Because the Obama administration saw the APT29 operation as traditional espionage, it did not consider taking punitive measures, said Daniel, who is now president and chief executive of the Cyber Threat Alliance, an information-sharing group for cybersecurity companies.
“It was information collection, which is what nation states — including the United States — do,” he said. “From our perspective, it was more important to focus on shoring up defenses.”
But Chris Painter, State Department cyber coordinator in the Obama administration, said even if the Russian campaign is strictly about espionage and there’s no norm against spying, if the scope is broad there should be consequences. “We just don’t have to sit still for it and say ‘good job,’ ” he said.
Sanctions might be one answer, especially if done in concert with allies who were similarly affected, he said. “The problem is there’s not even been condemnation from the top. President Trump hasn’t wanted to say anything bad to Russia, which only encourages them to act irresponsibly across a wide range of activities.”
At the very least, he said, “you’d want to make clear to [Russian President Vladimir] Putin that this is unacceptable — the scope is unacceptable.”
So far there is no sign that the current campaign is being waged for purposes of leaking information, or for disruption of critical infrastructure, such as electric grids.

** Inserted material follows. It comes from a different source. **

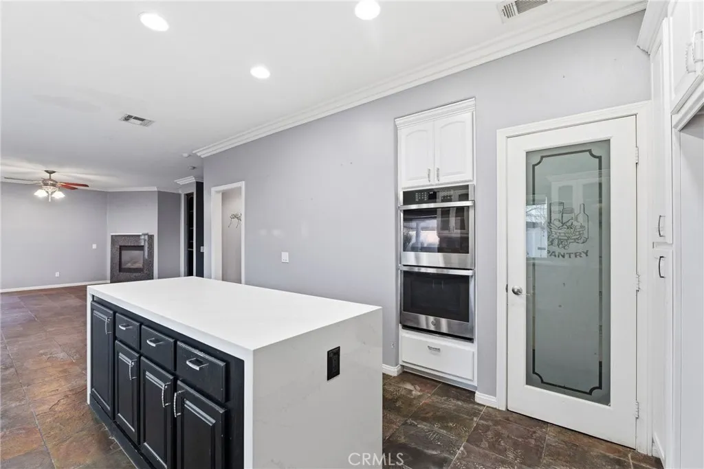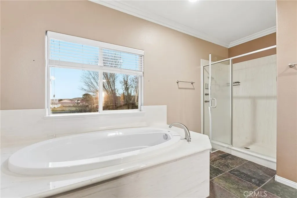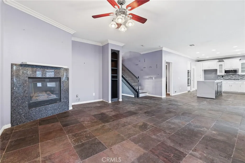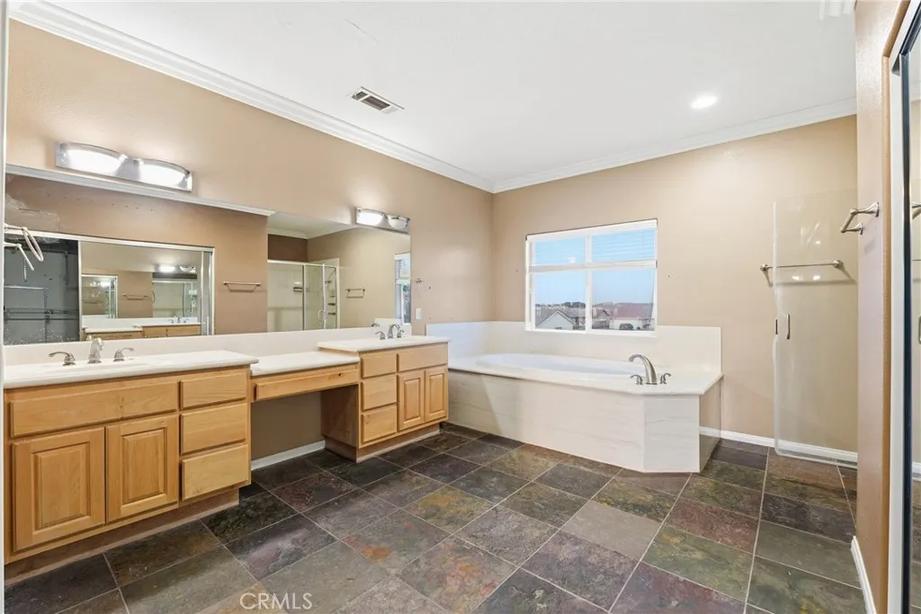 Welcome to this spacious 4-bedroom, 2.5-bath home offering approximately 2,677 sq. ft. of well-designed living space, located within a desirable HOA community featuring a 27-hole golf course, clubhouse, pool, tennis courts, restaurants, stores, and more. 2 car garage with expanded drive way. The inviting living room features a cozy fireplace, while the separate family room provides additional space for everyday living and entertaining. The upgraded kitchen is a true centerpiece, complete with an expanded waterfall island, double ovens, stainless steel appliances, and a walk-in pantry—perfect for both cooking and hosting. Elegant crown molding flows throughout the home, adding a refined touch to every room. Slate flooring throughout the downstairs. The primary suite is a private retreat, featuring its own fireplace and an expansive ensuite bathroom with a large walk-in shower, soaking tub, dual sinks, a walk-in closet, and a private toilet area. Step outside to a beautifully landscaped backyard designed for both relaxation and function, featuring a spa, Alumawood patio cover, vinyl fencing, a fenced dog run, RV parking area, and a storage shed. Additional highlights include solar for energy efficiency. Enjoy the convenience of resort-style community amenities paired with the comfort, space, and upgrades of this exceptional home—a perfect blend of lifestyle and functionality, ready to be enjoyed.

But the scope of the breaches is likely to be significant. The SolarWinds tool monitors a client’s network for performance, identifying problems like failing switches. It has extremely deep “administrative” access to a network’s core functions, which means that gaining access to the SolarWinds tool would allow the Russians were to freely root around victims’ systems.
APT29 compromised the SolarWinds server that sends updates so that any time a customer checks in to request an update, the Russians could hitch a ride on that update to get into a victim’s system, according to a person familiar with the matter.
“Monday may be a bad day for lots of security teams,” tweeted Dmitri Alperovitch, a cybersecurity expert and founder of the Silverado Policy Accelerator think tank.
Joseph Marks contributed to this report.